Cable and wireless convergence

Steve Rosenbush

The cable TV industry has been tiptoeing around the edges of the wireless phone market. Sprint Nextel has made a nice business selling wireless phone service to cable TV operators such as Time Warner. But until now, the cable companies have no interest in owning wireless networks. Years ago, Comcast and Cox and Sprint operated a wireless venture called PCS Primeco, but the cable companies left.

The time may be right for another cable TV foray into wireless communications. Wireless networks are increasingly filled with short video clips of sports and news. It's still crude, but the level of sophistication will soar as networks become faster and handsets more powerful. That will happen over the next six to 12 months. It's not science fiction. By the end of next year, mobile users will be able to access the Web at speeds that begin to rival that of a household DSL connection.
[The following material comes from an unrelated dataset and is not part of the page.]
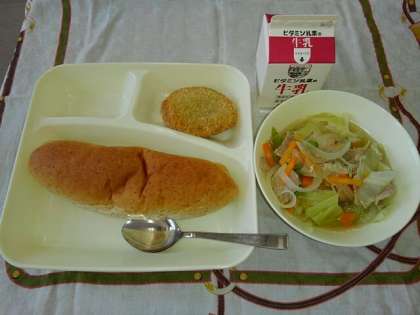 <牛乳 ライ麦パン チキンレバーカツ スープ>
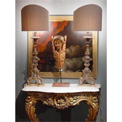 Carved in wood accented with a decorative silvered patina, these Altar sticks have the look of 18th C. pieces, yet this set is of a more modern vintage, likely dating to the last half of the 20th C. Discovered in Central Italy, the set has a striking Tuscan appearance. Made in the traditional manner, the artisans have graced the set with a wonderful decorative finish. The narrow, "half-form" construction makes the lamps ideally suited for use on a table or mantle where their backs are to be placed near to a wall. The slender footprint permits the lamps to sit on a narrow surface approximately 7" wide. The lamps' tall form and graceful silhouette is dramatic and sure to add an elegant flair to any décor.

Many do so already, although coverage is still limited to certain markets. "The cable guys want to tap mobile video content," says Albert Lin, telecom analyst with American Technology Research.

Big wireless companies would be extremely expensive. So perhaps the cable companies will try and find a more creative way to enter the market. One possibility would be to link up with satellite communications companies, which can use their extra capacity for terrestrial, cellular-based service. That's why deals or partnerships between cable TV companies and communications companies such as Mobile Satellite Ventures and Motient might be at hand. Rudy Baca, telecom analyst with The Precursor Group, says such combinations could put pricing pressure on the entire wireless sector. "Satellite spectrum is not auction able. It was obtained for free, which would give satellite operators a cost advantage over wireless," Baca says.